35mm判換算で85mmとポートレートでは定番の焦点距離のレンズだ。開放F値は1.2と大口径のレンズであり、APS-C機オンリーのフジXマウントボディでも大きくボケを演出出来る。

レンズのフロントに巨大なEDレンズを2枚と中玉に非球面レンズを採用。鏡筒を始めとしてフォーカスリングや絞りリングも金属製と高級な質感。フォーカス駆動はリニアモーターとインナーフォーカスによる高速オートフォーカス

ピント面のカリカリシャープな描写に加え、アウトフォーカス部の綺麗なボケ味を活かすとポートレート以外にも結構使えそう。開放は柔らかい表現だが、色収差は抑えられているので描写が甘い訳ではない。1・2段絞ればコントラストが高まり、精細な描写を得る。

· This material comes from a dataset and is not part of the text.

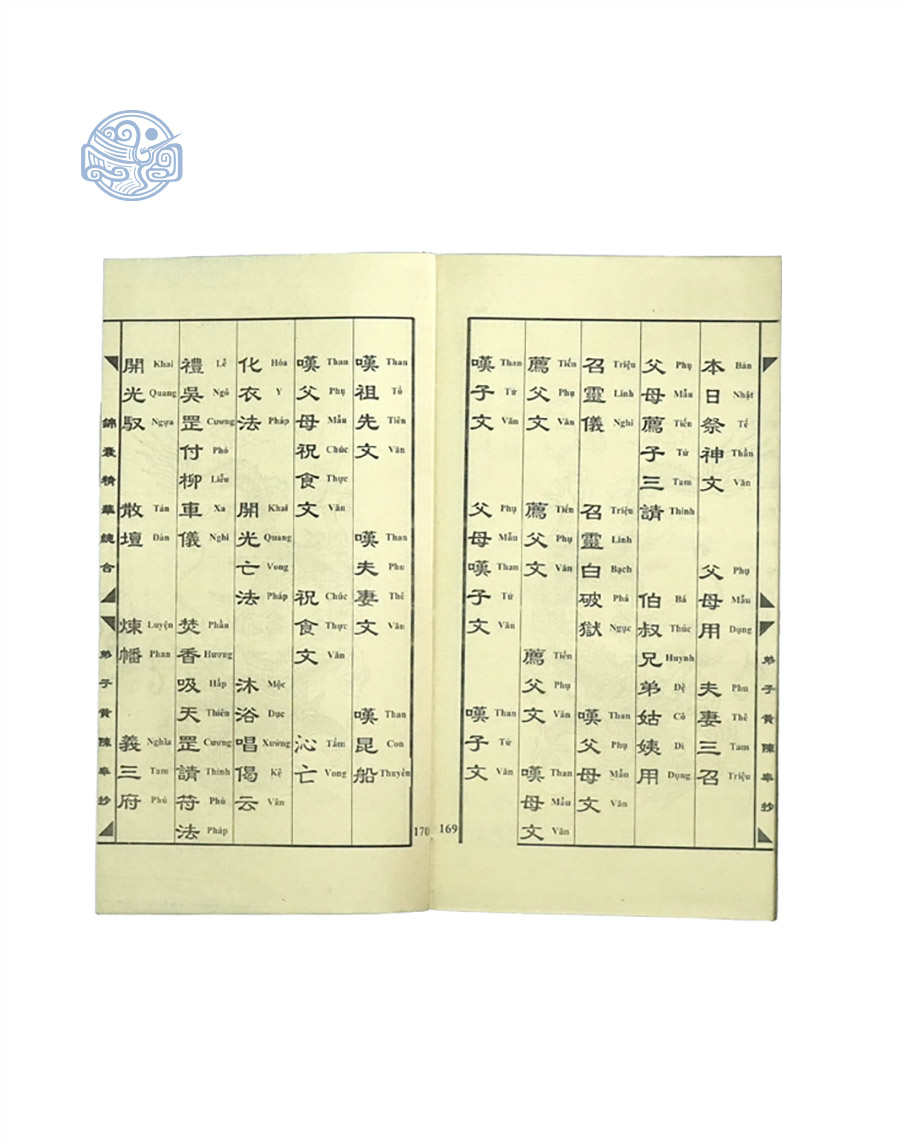 Cuốn cẩm nang bao gồm những tinh hoa được chắc lọc từ cổ nhân mà bất cứ quý thầy nào cũng nên có một cuốn. Sách bao gồm các bài than, bài chú, quyết, khai quang, đường thỉnh và khoa cúng tổng hợp:

さらにこのレンズは『APDフィルター』と呼ばれる「中心部の透過率は高く、周辺部に向かって透過率が低くなるフィルター」を非球面レンズの前に搭載したモデルがある。特に絞り開放時のボケ味が滑らかで綺麗になる傾向があり、特にAPD無しと有りとではボケの階調が豊かだったりする。分かり易い例として、下記に公式の『APDとは』というリンクを掲載している。玉ボケの傾向が大きく違う比較写真を掲載しているので、APDの効果が簡単に見て取れる。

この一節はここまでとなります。